Par un jugement du 15 novembre 2019, le Tribunal Interrégional de la tarification sanitaire et sociale (TITSS) de Paris a dit pour droit que, dès lors qu’il n’est plus soumis à un contrat pluriannuel d’objectifs et de moyens (CPOM) venu à échéance, un institut thérapeutique, éducatif et pédagogique (ITEP) relève de la procédure de tarification règlementaire.
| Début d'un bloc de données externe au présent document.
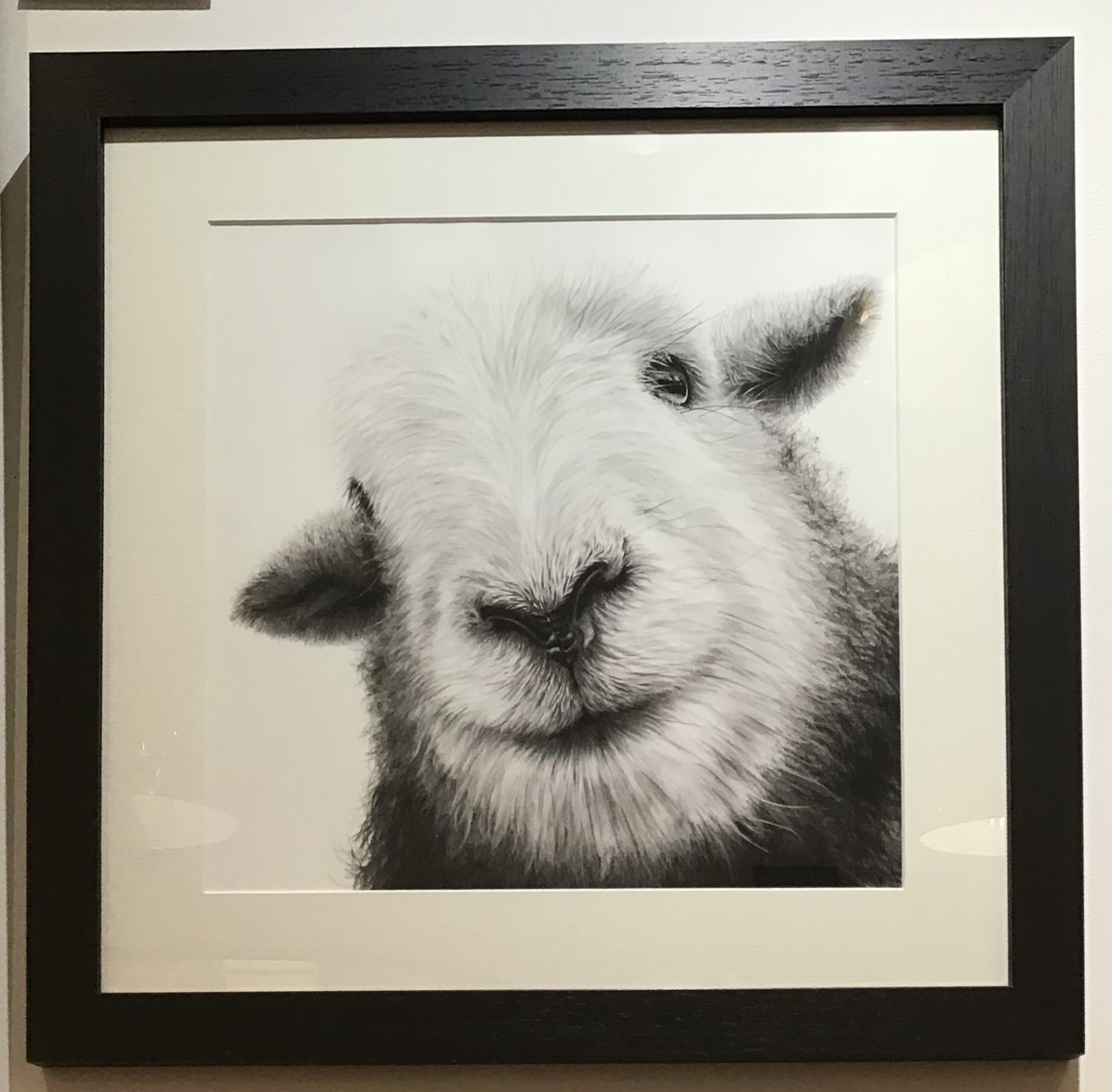 Framed, signed, limited edition “Dorothy” print, by David Pooley. The frame is a painted black solid wood frame, hand cut and joined. Ready to hang on a wall. Exterior dimensions of the frame: approximately 17.5 inches square, frame thickness approx. 3cm, mount widths approx. 4 - 4.5cm. A larger print is also available in a frame 22 inches square, frame thickness 3cm, mount width 5-6cm. Each one is given a print number, so it may be different to the number shown on the back here.

Dans ce cadre, la définition de l’activité pour le calcul du prix de journée doit résulter du droit commun, c’est-à-dire en tenant compte de l’activité réalisée des trois années précédentes.

.

1. Les faits

L’Association gestionnaire d’un ITEP adresse à l’agence régionale de santé (ARS) ses propositions budgétaires initiales pour l’exercice 2017.
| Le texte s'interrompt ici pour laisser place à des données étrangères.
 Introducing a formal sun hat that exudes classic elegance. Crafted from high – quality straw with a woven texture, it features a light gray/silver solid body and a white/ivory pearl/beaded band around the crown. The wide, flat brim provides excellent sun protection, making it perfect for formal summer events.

Pour respecter le caractère limitatif de l’enveloppe régionale, l’ARS édite un rapport d’orientation budgétaire (ROB) 2017 qui prévoit la réalisation d’abattements pour les établissements dont l’activité serait inférieure à 90% du total réalisable.

Puis, sans mettre en oeuvre aucune procédure contradictoire, le directeur général de l’ARS édicte d’autorité un arrêté de tarification fixant le tarif sous forme de dotation globale en application du CPOM. Appliquant les directives du ROB, il pratique un abattement au motif que l’activité de l’ITEP est insuffisante.
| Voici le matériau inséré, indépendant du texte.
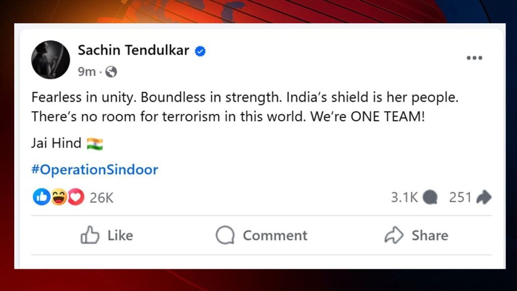 এই মুহূর্তে ভারত-পাকিস্তান সীমান্ত পরিস্থিতি অস্থিতিশীল হলেও, দুই দেশের সাধারণ জনগণের মাঝে শান্তি ও সম্প্রীতির আকাঙ্ক্ষা এখনও দৃশ্যমান। শচীনের মত জনপ্রিয় ব্যক্তিত্বদের পক্ষ থেকে সন্ত্রাসবিরোধী বার্তা সেই আশাকেই আরও শক্তিশালী করে তোলে।
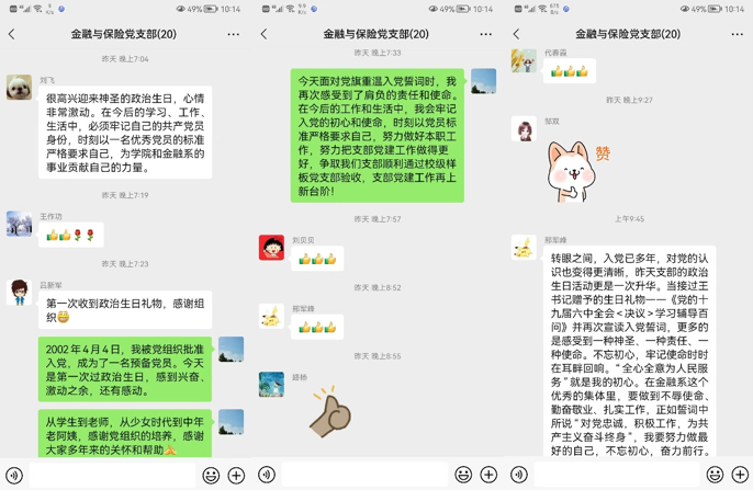 主题党日活动结束后,4名党员在支部微信群里分享了过“政治生日”的感言。

L’organisme gestionnaire désapprouve cette décision et forme un recours gracieux contre l’arrêté de tarification.

Un arrêté modificatif est entrepris mais il ne revalorise le tarif que partiellement, appliquant un taux de débasage de 13 %.

2. La procédure

L’Association saisit le TITSS d’une requête en annulation des deux arrêtés ainsi qu’en réformation du prix de journée.

Elle conclut à l’annulation des arrêtés aux motifs que :

  • l’arrêté initial est entaché d’incompétence ;
  • les deux arrêtés ont été entrepris en violation des articles L. 314-7, R. 314-22 et R. 314-23 du Code de l’action sociale et des familles (CASF) car ils n’ont pas été précédés de propositions de modifications budgétaires motivées ;
  • les arrêtés ne sont pas dûment motivés car le recours à un taux d’occupation cible défini par le ROB ne fait pas partie des critères d’abattement limitativement définis par le CASF ;
  • ils encourent aussi l’annulation pour défaut de motivation dans la mesure où le ROB ne précise pas les critères de modulation, ni l’exercice de référence ;
  • le taux de débasage de 13% n’est pas expliqué ;
  • les arrêtés violent l’article R. 314-34 du CASF qui prescrit la pratique des abattements par groupe fonctionnel. En effet, ils a été procédé à un abattement global, non ventilé par groupe.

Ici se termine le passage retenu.